Non-proprietary data that support the findings of this study are available from the corresponding author upon reasonable request.
Angiopoietin-like 3 (ANGPTL3), a protein secreted by the liver, is a regulator of lipoprotein metabolism1. Humans carrying ANGPTL3 loss-of-function mutations have reduced plasma triglyceride (TG), low-density lipoprotein cholesterol (LDL-C) and high-density lipoprotein cholesterol (HDL-C) levels. Antibody-mediated inhibition of ANGPTL3 reduces TG, LDL-C, and HDL-C in mice2, monkeys2, and humans3. ANGPTL3 inhibits lipoprotein lipase (LPL) and endothelial lipase (EL). The TG- and HDL-C-lowering effects of ANGPTL3 inhibition are due to increased LPL and EL activity, respectively2; however, the mechanism for lowering LDL-C remains a mystery.
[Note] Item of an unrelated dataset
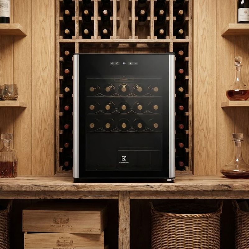Vinera vertical Electrolux ERWV24W6MWB para almacenar 24 botellas en una única puerta. Su acabado en color negro aporta sobriedad y estilo al conjunto de la cocina. La puerta de doble cristal y un compresor trabajan juntos para mantener la temperatura estable en un rango de 5°C a 18°C, algo clave para conservar el sabor, la textura y las propiedades de ambiente del vino. Con una configuración de una zona, la temperatura se mantiene de forma constante sin fluctuaciones que afecten la crianza y la experiencia sensorial.

It appears to be independent of the LDL receptor (LDLR), as ANGPTL3 inhibition reduces LDL-C in Ldlr knockout (KO) mice4 and patients with homozygous familial hypercholesterolemia (hoFH)3.
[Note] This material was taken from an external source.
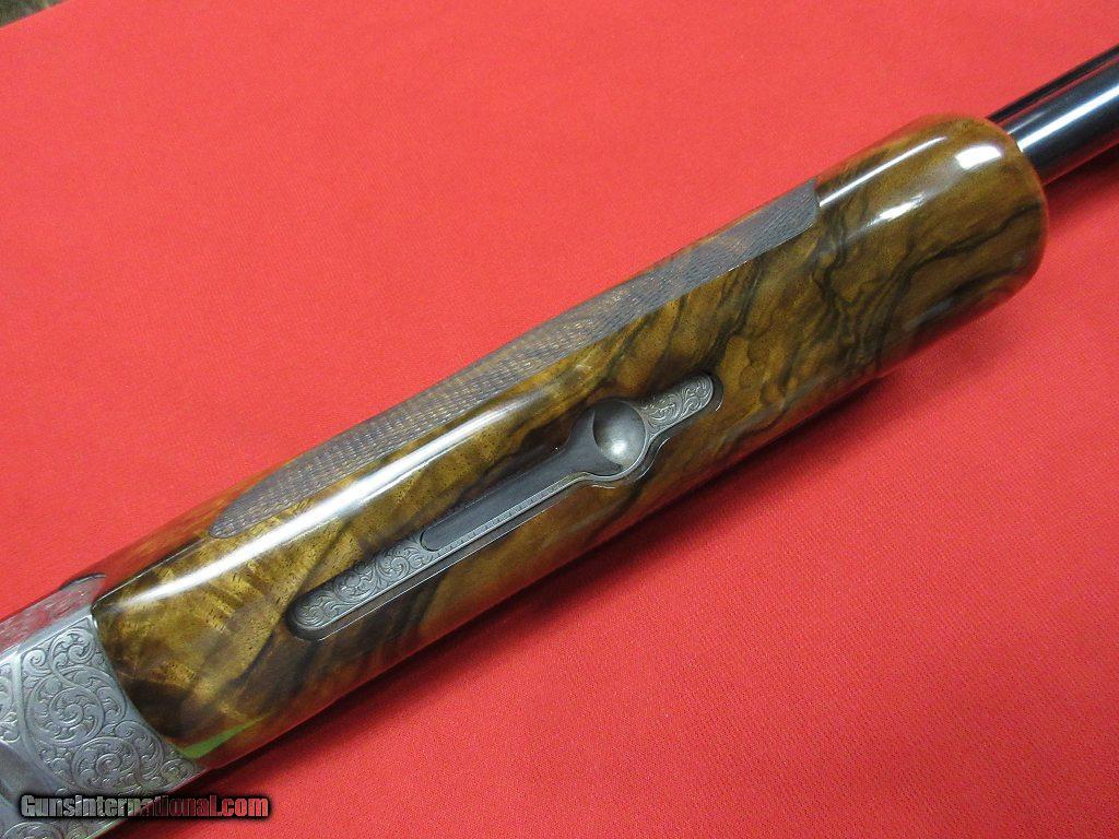 Description: Factory original with full coverage scroll engraving. This gun has an extremely well-figured stock and forend with factory choke tubes and a .740" bore. This gun includes release and pull hammers. Excellent condition overall. SOLD |

We previously reported that hepatic overexpression of EL in hypercholesterolemic mice reduced non-HDL-C, LDL-C, and apoB levels5, suggesting that increased EL activity as a result of ANGPTL3 inhibition could contribute to the LDL-C reduction. In this report, we tested the dependence of LDL-C reduction upon Angptl3 silencing on EL by using mice lacking EL (EL-KO). Because wild-type (WT) and EL-KO mice have extremely low LDL-C levels, we raised LDL-C by using an siRNA to silence the hepatic Ldlr. Then we administered an Angptl3 siRNA or a control siRNA and compared the changes in plasma lipid levels in WT and EL-KO mice.
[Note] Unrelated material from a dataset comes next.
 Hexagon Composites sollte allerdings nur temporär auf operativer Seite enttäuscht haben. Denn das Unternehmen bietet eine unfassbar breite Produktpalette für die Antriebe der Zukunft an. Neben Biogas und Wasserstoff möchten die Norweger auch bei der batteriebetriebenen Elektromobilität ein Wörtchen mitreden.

Fig 1A shows the study design. Two independent experiments were performed and were concordant; results are shown for the first experiment. Hepatic LDLR was undetectable by Western blot (Fig 1B). Angptl3 siRNA robustly reduced hepatic Angptl3 mRNA and plasma ANGPTL3 levels (Fig 1C). Following Ldlr siRNA injection, all mice had a significant increase in plasma cholesterol and non-HDL-C (Fig 1D,E). Injection of Angptl3 siRNA significantly decreased plasma TG levels to a similar extent in WT and EL-KO mice but decreased total cholesterol and HDL-C only in WT and not in EL-KO mice (Fig 1D). Importantly, Angptl3 silencing also significantly reduced plasma non-HDL-C, VLDL-C, and LDL-C in WT but not in EL-KO mice (Fig 1E). These results were confirmed in a separate independent experiment. Our data indicate that EL not only mediates the HDL-C lowering effect of ANGPTL3 inhibition but also plays a necessary role in mediating the LDLR-independent reduction in LDL-C.
Figure 1.
A) Study design: 8–10 week-old WT (n=10) and EL-KO (n=10) mice on chow diet were used for the study (n=5/treatment group). Fasting bleeds are marked with *. Two independent experiments of this design were performed. The mice and protocol used were approved by the Institutional Animal Care and Use Committee (IACUC) of the University of Pennsylvania. B) Hepatic LDLR protein: Primary antibodies: anti-LDLR (1:5,000, Abcam ab52818), anti-β-Actin (1:10,000 Sigma-Aldrich A5441). C) Hepatic Angptl3 expression: mRNA by qRT-PCR and plasma ANGPTL3 levels by ELISA. Data are presented as mean±SEM. Mann-Whitney test was performed to compare between treatment groups. D) Fasting plasma lipids: Measured by autoanalyzer. E) Non-HDL-C, VLDL-C, and LDL-C: Non-HDL-C = TC minus HDL-C. Pooled plasma was fractionated by FPLC and used to determine the % of individually measured non-HDL-C that was VLDL-C and LDL-C. P-values (bold) in Figure 1D and E show overall treatment effect as per repeated-measures two-way ANOVA. Significant comparisons by Sidak’s multiple comparisons test between treatment groups are shown at the indicated time points.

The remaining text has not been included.